Expansion (genişleme) NBA’de her yıl konuşulan bir konu aslında. Geçmişte birçok muhabir, birçok kez Adam Silver’a expansion ile ilgili sorular sordu. Adam Silver ise selefi David Stern’in aksine genişleme konusuna her zaman çok net bir şekilde olumsuz yaklaştı. Kendisine yöneltilen expansion sorularını “Şu an için öyle bir projemiz yok, ileride belki” gibi ucu açık söylemlerle geçiştirmek yerine net bir dille kestirip attı.
Ancak geçtiğimiz Aralık ayında “…bir noktada genişlemenin ligin kaderi olduğunu her zaman söylediğimi düşünüyorum. Koronavirüs salgınının genişlemenin ekonomik ve rekabetçi etkileri üzerine bazı analizlerin tozunu atmamıza neden olduğunu söyleyebilirim. Buna (yani genişlemeye) salgın öncesinden biraz daha fazla zaman ayırıyoruz, ancak kesinlikle genişlemenin ön plana çıktığı noktaya kadar değil” diyerek genişlemeye karşı yeşil ışık yaktığını belirtti. Kısa zaman sonra da NBA’e 2 takımın daha dahil edileceğini, aday yatırımcıların da 2.5 milyar $ ödemesi gerektiğini belirtti. Peki Adam Silver’ın bu kadar kısa sürede kararından dönmesinin sebebi neydi? Tahmin edeceğiniz gibi genişleme kararının arkasındaki en temel güç PARA.
NBA pandemiden en çok etkilenen sektörlerden biri. Bunun en temel örneği tribünlerin boş olması. Pandemiden önce maç günü kazançları 2-3 milyon $’ları bulan takımlar vardı. Bunun üzerine birçok takım sahibinin şirketleri de bu dönemde büyük zarar uğradı. Takım sahipleri bu süreci borçlanarak geçirdiler ve para girişine ihtiyaçları var. Şunu da unutmayalım ki pandemiden önce Adam Silver’ın görevde olduğu döneme, olağanüstü finansal büyüme ve istikrar damgasını vurdu.

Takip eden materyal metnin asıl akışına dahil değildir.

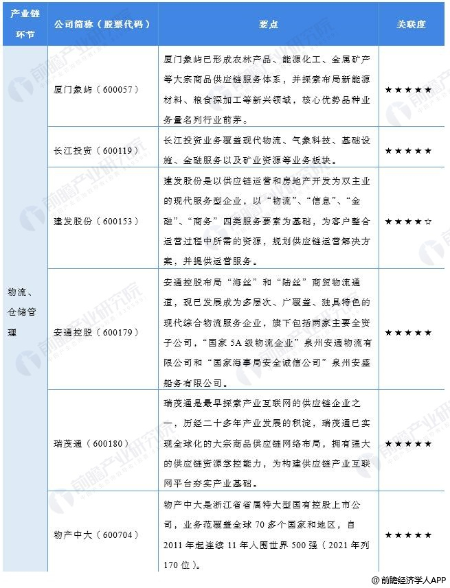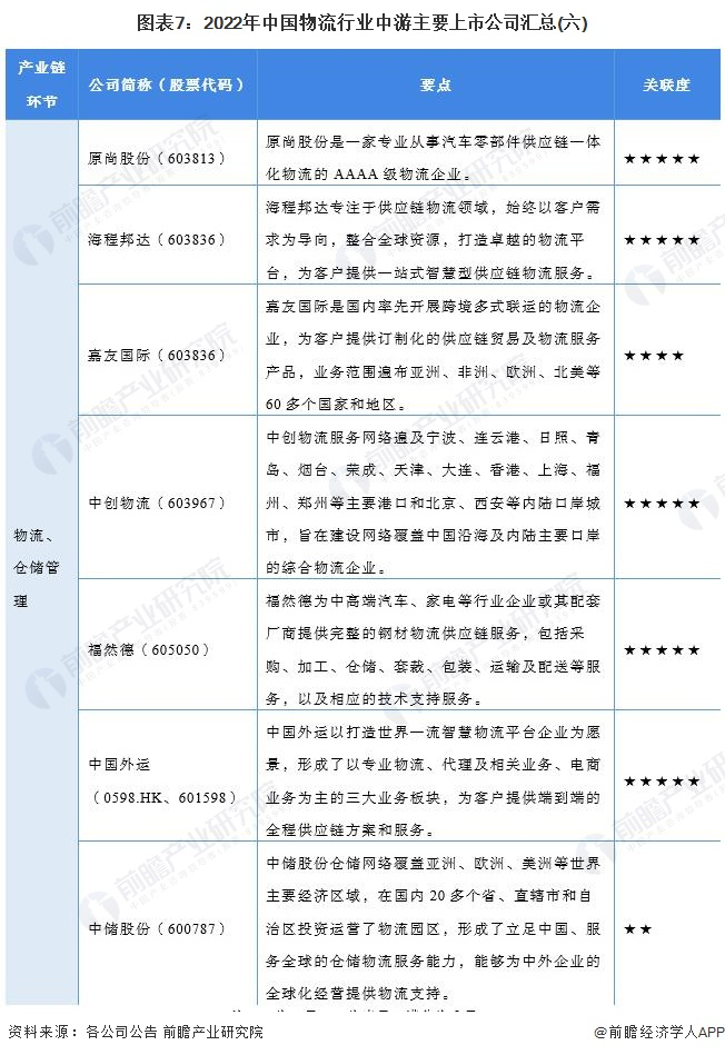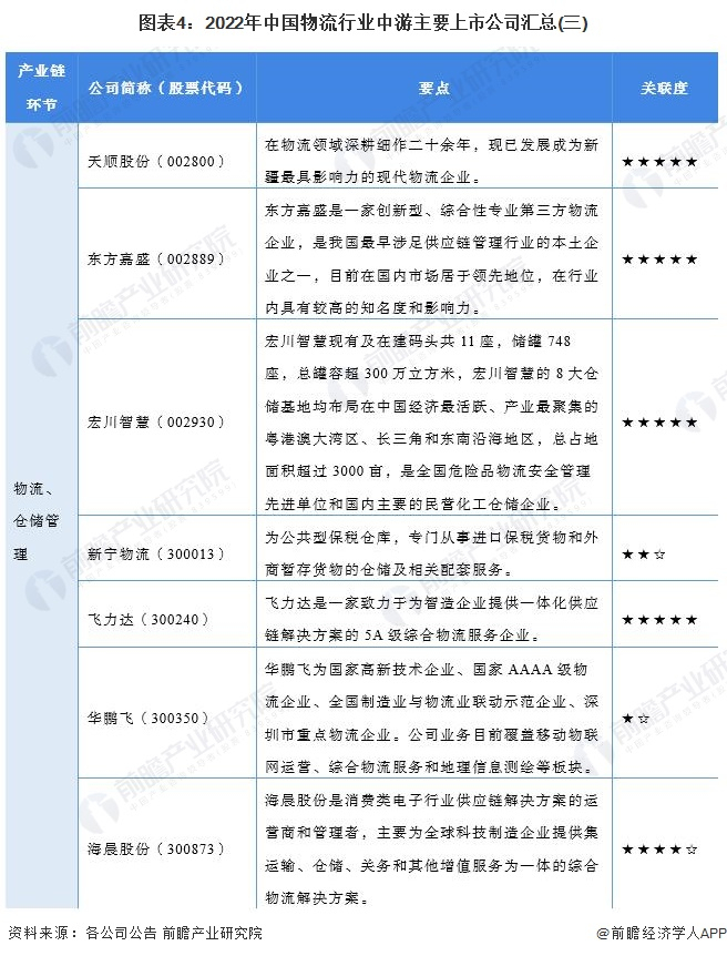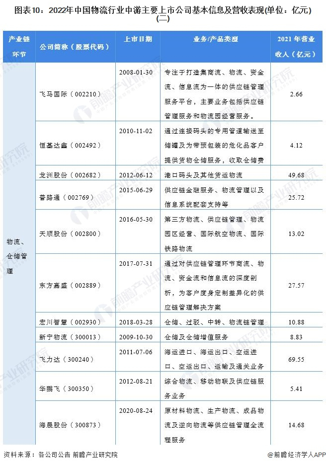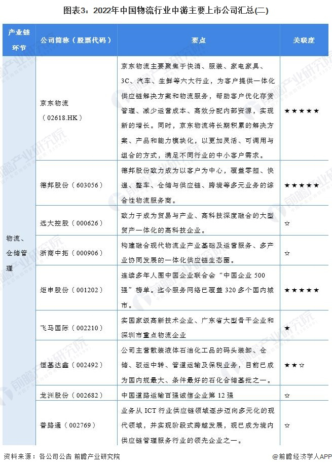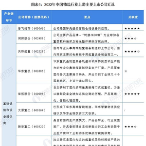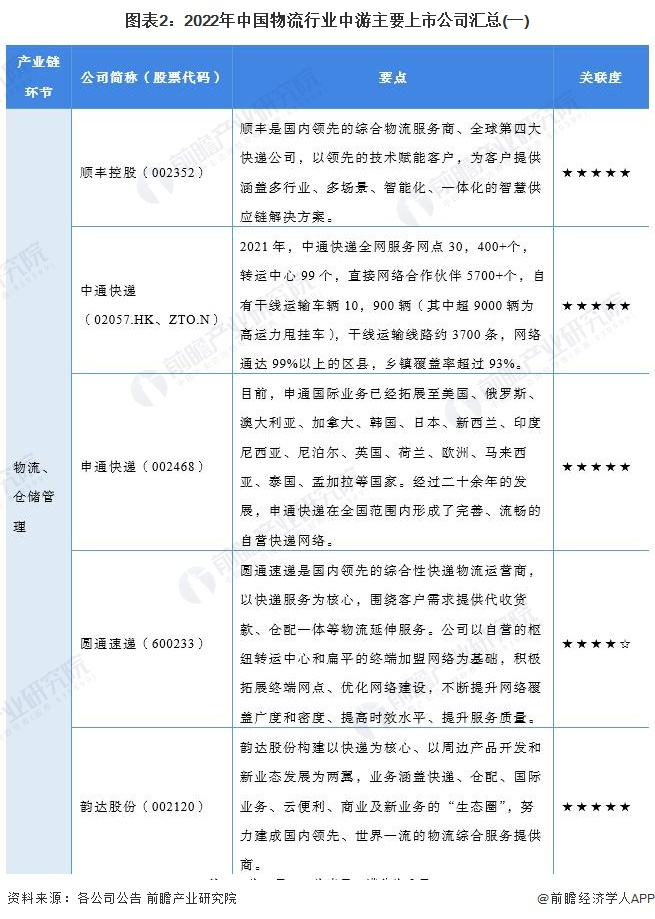 我国物流产业的上市公司数量较多,分布在各产业链环节。目前,我国物流行业上游主要上市公司有:音飞储存、润邦股份和天桥起重等;中游主要上市公司有:顺丰控股、中通快递、申通快递、圆通速递、韵达股份和德邦股份等。截至2022年5月20日,我国物流行业主要上市企业汇总如下:

Forbes’un yıllık tahminlerine göre ligin maaş sınırı 2014-15’te 63 milyon dolardan bu sezon 109 milyon dolara yükseldi ve ortalama franchise değeri 634 milyon Dolardan (2014) 2.12 milyar Dolara (2020) çıktı. Örneğin; 2010 da 260 milyon $’a yakın bir fiyata satılan Philadelphia 76ers’ın güncel değeri 2.5 milyar $ civarı, 2013’te 440 milyon $’a satıldığında pahalı denen Golden State Warriors’ın güncel değeri 3-3.5 milyar $ civarında. Son yıllarda mali tablo o kadar pembeydi ki Golden State Warriors ve Los Angeles Clippers gibi büyük gelirlere sahip takımlar, milyar dolarlık arena projelerini kendi kendini finanse etmeye yöneldiler. Ancak pandemide zorunlu hale gelen boş arenalar nedeniyle tahmini kayıplar geçen yıl 1 milyar dolara ve 2020-21’de 4 milyar dolara yaklaştı. Bu durum da bir dönüm noktası oluşturdu diyebiliriz.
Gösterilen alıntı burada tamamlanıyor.